Henrique de Moraes Holschuh wrote:

On Thu, 07 Apr 2005, Jules Agee wrote:

Henrique de Moraes Holschuh wrote:

I remember squashing a bug on Debian's 2.1 master code that caused it not to
process *all* available messages at every interaction (instead, it processed
only one). This caused messages to pile up in busy sites and triggered the
above issues. As I said, I think 2.2 does not have this bug, but it is
something that could be checked.

Yup, and thanks very much for squashing that bug!

It looks to me like 2.2 does indeed still have it, the master code still only processes one message in each service loop.


Ok, here is the patch that fixed issues with Debian 2.1. It will *not* apply
to 2.2, but it will give you the correct path to forward-port it.

Would one of you please bugzilla this with the patch below and any others that you might have, so Derrick and I won't forget about it?







------------------------------------------------------------------------

---------------------
PatchSet 1840 Date: 2004/08/06 15:54:55
Author: hmh
Branch: HEAD
Tag: (none) Log:
* Time to remember dead children is now a command line option (-J)
* Make sure to process all pending messages of children of
a service in one go. Thanks to Jules Agee <[EMAIL PROTECTED]> for
tracking down this problem, and testing the new code
(REQUIRED FOR HIGH-VOLUME SITES)
*** SYNC TO 2.1.16-0woody.6.2 ***


Members: master/master.c:1.52->1.53

Index: debian/cyrus21-imapd/master/master.c
===================================================================
RCS file: /home/cvs/debian/cyrus21-imapd/master/master.c,v
retrieving revision 1.52
retrieving revision 1.53
diff -u -r1.52 -r1.53
--- debian/cyrus21-imapd/master/master.c 19 Dec 2003 09:29:22 -0000 1.52
+++ debian/cyrus21-imapd/master/master.c 6 Aug 2004 15:54:55 -0000 1.53
@@ -154,6 +154,8 @@
static struct centry *ctable[child_table_size];
static struct centry *cfreelist;
+static int child_mourning_time = 2; /* Time in seconds to remember child
+ after processing SIGCHLD */
static int janitor_frequency = 1; /* Janitor sweeps per second */
static int janitor_position; /* Entry to begin at in next sweep */
static struct timeval janitor_mark; /* Last time janitor did a sweep */
@@ -884,16 +886,16 @@
}
}
c->service_state = SERVICE_STATE_DEAD;
- c->janitor_deadline = time(NULL) + 2;
+ c->janitor_deadline = time(NULL) + child_mourning_time;
} else {
/* weird.
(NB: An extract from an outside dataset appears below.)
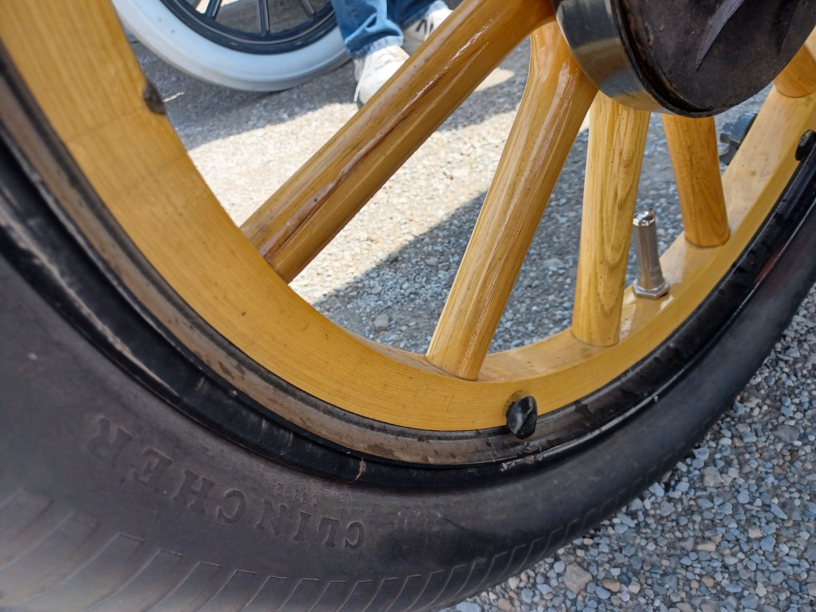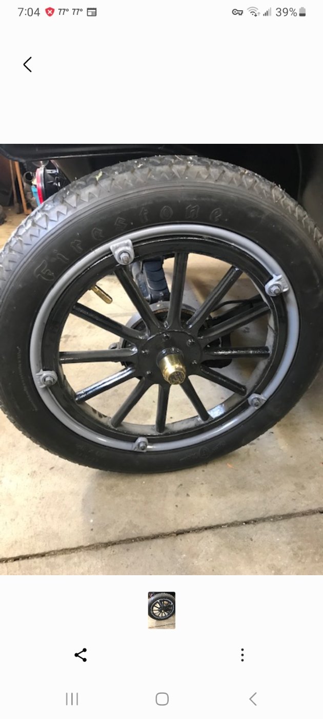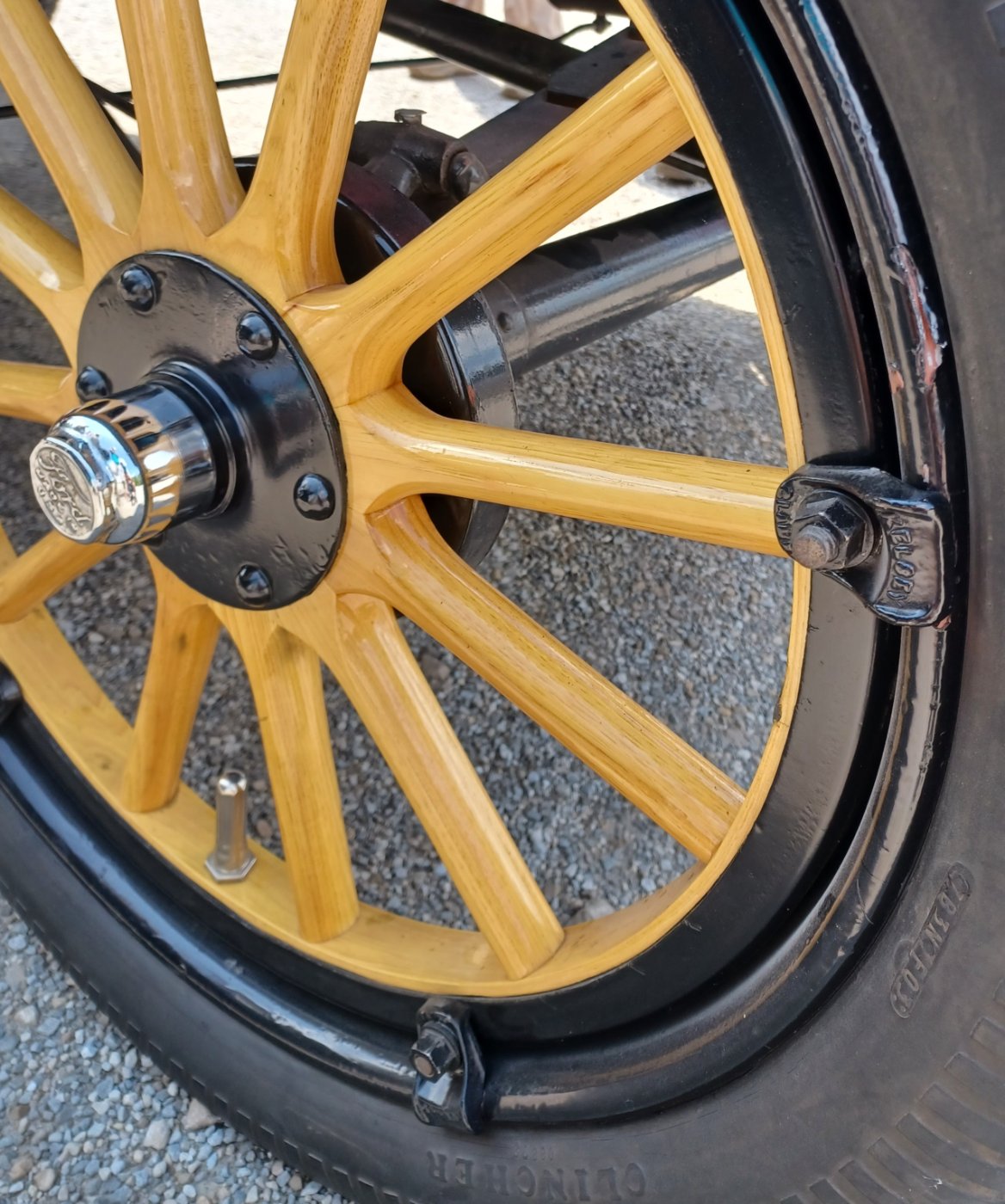 One of our club members brought his '17 Runabout to our lunch cruise. We've seen his wheels before but never paid that much attention to them. Look close at what seems like "dual-felloes"...outside is different from inside the fellow and we've never seen this style.
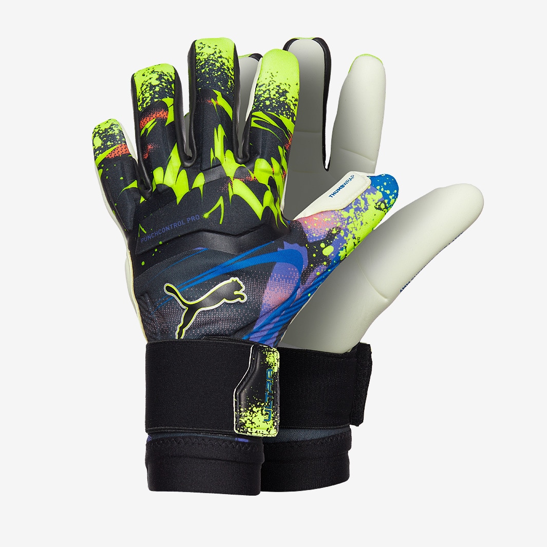 Set your side up for another clean sheet with PUMA Ultra Ultimate Teaser Hybrid goalkeeper gloves in Puma BlackLuminous PurpleLime Squeeze, featuring an updated backhand with Punchcontrol Pro padding for maximum power on clearances. Designed to give you punching power like the worlds best keepers, the Ultras streamlined backhand pairs a lightweight textile body with new Punchcontrol Pro reinforcement. The 3D padding absorbs impact forces when you punch the ball, returning energy to propel your clearances away from goal. Perforations in the fabric keep your hands fresh and your mind on the game. On the palm, PUMAs elitelevel Superior Grip latex excels in both wet and dry conditions, while the Hybrid editions combo of negative and rollfinger cuts gives you the ideal mix of a snug fit and maximised ball contact. Ultra range endorsed by Jordan Pickford and Ellie Roebuck Palm 4mm Superior Grip latex palm for grip in wet and dry conditions Cut Hybrid combination of negative and rollfinger BackhandBody Light and stretchy body material with NEW Punchcontrol Pro padding Wrist Closure Elasticated cuff with wrist strap Thumb wrap

Are we multithreaded now? we don't know this child */
syslog(LOG_WARNING,
- "receiving signals from unregistered child %d. Handling it anyway",
+ "notified of death of unregistered child %d. Handling it anyway",
pid);
c = get_centry();
c->pid = pid;
c->service_state = SERVICE_STATE_DEAD;
- c->janitor_deadline = time(NULL) + 2;
+ c->janitor_deadline = time(NULL) + child_mourning_time;
c->s = NULL;
c->next = ctable[pid % child_table_size];
ctable[pid % child_table_size] = c;
@@ -1052,6 +1054,36 @@
}
}
+/*
+ * Receives a message from a service.
+ *
+ * Returns zero if all goes well
+ * 1 if no msg available
+ * 2 if bad message received (incorrectly sized)
+ * -1 on error (errno set)
+ */
+int read_msg(int fd, struct notify_message *msg)
+{
+ ssize_t r;
+ size_t off = 0;
+ int s = sizeof(struct notify_message);
+
+ while (s > 0) {
+ do
+ r = read(fd, msg + off, s);
+ while ((r == -1) && (errno == EINTR));
+ if (r <= 0) break;
+ s -= r;
+ off += r;
+ }
+ if ( ((r == 0) && (off == 0)) ||
+ ((r == -1) && (errno == EAGAIN)) )
+ return 1;
+ if (r == -1) return -1;
+ if (s != 0) return 2;
+ return 0;
+}
+
void process_msg(struct service *s, struct notify_message *msg)
{
struct centry * c;
@@ -1655,7 +1687,7 @@
p = getenv("CYRUS_VERBOSE");
if (p) verbose = atoi(p) + 1;
- while ((opt = getopt(argc, argv, "p:l:Ddj:")) != EOF) {
+ while ((opt = getopt(argc, argv, "p:l:Ddj:J:")) != EOF) {
switch (opt) {
case 'l':
/* user defined listen queue backlog */
@@ -1681,7 +1713,15 @@
/* Janitor frequency */
janitor_frequency = atoi(optarg);
if(janitor_frequency < 1)
- fatal("The janitor period must be at least 1 second", EX_CONFIG);
+ fatal("The janitor frequency must be at least once per second",
+ EX_CONFIG);
+ break;
+ case 'J':
+ /* Janitor delay before cleanup of a child */
+ child_mourning_time = atoi(optarg);
+ if(child_mourning_time < 1)
+ fatal("The janitor's mourning time interval must be at least 1 second", + EX_CONFIG);
break;
default:
break;
@@ -2016,13 +2056,19 @@
int j;
if (FD_ISSET(x, &rfds)) {
- r = read(x, &msg, sizeof(msg));
- if (r != sizeof(msg)) {
- syslog(LOG_ERR, "got incorrectly sized response from child: %x", i);
+ while ((r = read_msg(x, &msg)) == 0)
+ process_msg(&Services[i], &msg);
+
+ if (r == 2) {
+ syslog(LOG_ERR, + "got incorrectly sized response from child: %x", i);
+ continue;
+ }
+ if (r < 0) {
+ syslog(LOG_ERR,
+ "error while receiving message from child %x: %m", i);
continue;
}
-
- process_msg(&Services[i], &msg);
}
if (Services[i].exec &&
---------------------
PatchSet 1841 Date: 2004/08/06 17:50:00
Author: hmh
Branch: HEAD
Tag: (none) Log:
* Time to remember dead children is now a command line option (-J)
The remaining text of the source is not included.